Председательствовал Фердинанд Грау. Рядом с ним сидела Пат. Она приколола к платью бледно-розовую орхидею, которую он принес ей.
Фердинанд выудил из своего бокала мотылька и осторожно положил его на стол.
– Взгляните на него, – сказал он. – Какое крылышко. Рядом с ним лучшая парча – грубая тряпка! А такая тварь живет только один день, и все. – Он оглядел всех по очереди. – Знаете ли вы, братья, что страшнее всего на свете?
– Пустой стакан, – ответил Ленц.
Фердинанд сделал презрительный жест в его сторону:
– Готтфрид, нет ничего более позорного для мужчины, чем шутовство. – Потом он снова обратился к вам: – Самое страшное, братья, – это время. Время. Мгновения, которое мы переживаем и которым все-таки никогда не владеем.
Он достал из кармана часы и поднес их к глазам Ленца:
– Вот она, мой бумажный романтик! Адская машина. Тикает, неудержимо тикает, стремясь навстречу небытию. Ты можешь остановить лавину, горный обвал, но вот эту штуку не остановишь.
– И не собираюсь останавливать, – заявил Ленц. – Хочу мирно состариться. Кроме того, мне нравится разнообразие.
– Для человека это невыносимо, – сказал Грау, не обращая внимания на Готтфрида. – Человек просто не может вынести этого. И вот почему он придумал себе мечту. Древнюю, трогательную, безнадежную мечту о вечности.
Готтфрид рассмеялся:
– Фердинанд, самая тяжелая болезнь мира – мышление! Она неизлечима.
– Будь она единственной, ты был бы бессмертен, – ответил ему Грау, – ты – недолговременное соединение углеводов, извести, фосфора и железа, именуемое на этой земле Готтфридом Ленцем.
Готтфрид блаженно улыбался. Фердинанд тряхнул своей львиной гривой:
– Братья, жизнь – это болезнь, и смерть начинается с самого рождения. В каждом дыхании, в каждом ударе сердца уже заключено немного умирания – все это толчки, приближающие нас к концу.
– Каждый глоток тоже приближает нас к концу, – заметил Ленц. – Твое здоровье, Фердинанд! Иногда умирать чертовски легко.
Грау поднял бокал. По его крупному лицу как беззвучная гроза пробежала улыбка.
– Будь здоров, Готтфрид! Ты – блоха, резво скачущая по шуршащей гальке времени. И о чем только думала призрачная сила, движущая нами, когда создавала тебя?
– Это ее частное дело. Впрочем, Фердинанд, тебе не следовало бы говорить так пренебрежительно об этом. Если бы люди были вечны, ты остался бы без работы, старый прихлебатель смерти.

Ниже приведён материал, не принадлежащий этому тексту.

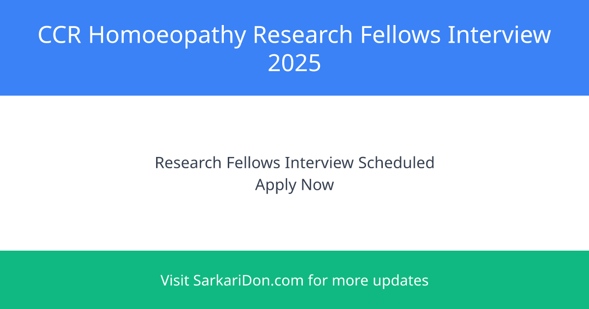 The Central Council for Research in Homoeopathy (C.C.R.H.), under the Ministry of AYUSH, Government of India, has recently announced the engagement of Research Fellows on a contract basis. This is an excellent opportunity for those seeking a sarkari naukri in the healthcare research sector.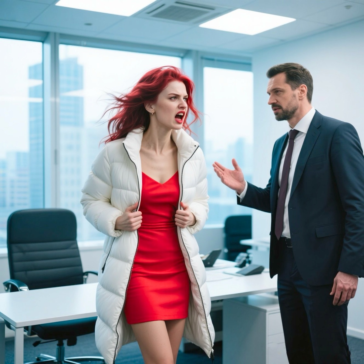 — Мне плевать на твоё совещание! — она шагнула в кабинет, её каблуки гулко стучали по паркету. — Это важнее!

Плечи Фердинанда затряслись. Он хохотал. Затем он обратился к Пат:
– Что вы скажете о нас, болтунах, маленький цветок на пляшущей воде?
Потом я гулял с Пат по саду. Луна поднялась выше, и луга плыли в сером серебре. Длинные, черные тени деревьев легли на траву темными стрелами, указывающими путь в неизвестность. Мы спустились к озеру и повернули обратно. По дороге мы увидели Ленца; он притащил в сад раскладной стул, поставил его в кусты сирени и уселся. Его светлая шевелюра и огонек сигареты резко выделялись в полумраке. Рядом на земле стояла чаша с недопитым майским крюшоном и бокал.
– Вот так местечко! – воскликнула Пат. – В сирень забрался!
– Здесь недурно. – Готтфрид встал. – Присядьте и вы.
Пат села на стул. Ее лицо белело среди цветов.
– Я помешан на сирени, – сказал последний романтик. – Для меня сирень – воплощение тоски по родине. Весной тысяча девятьсот двадцать четвертого года я, как шальной, снялся с места и приехал из Рио-де-Жанейро домой – вспомнил, что в Германии скоро должна зацвести сирень. Но я, конечно, опоздал. – Он рассмеялся. – Так получается всегда.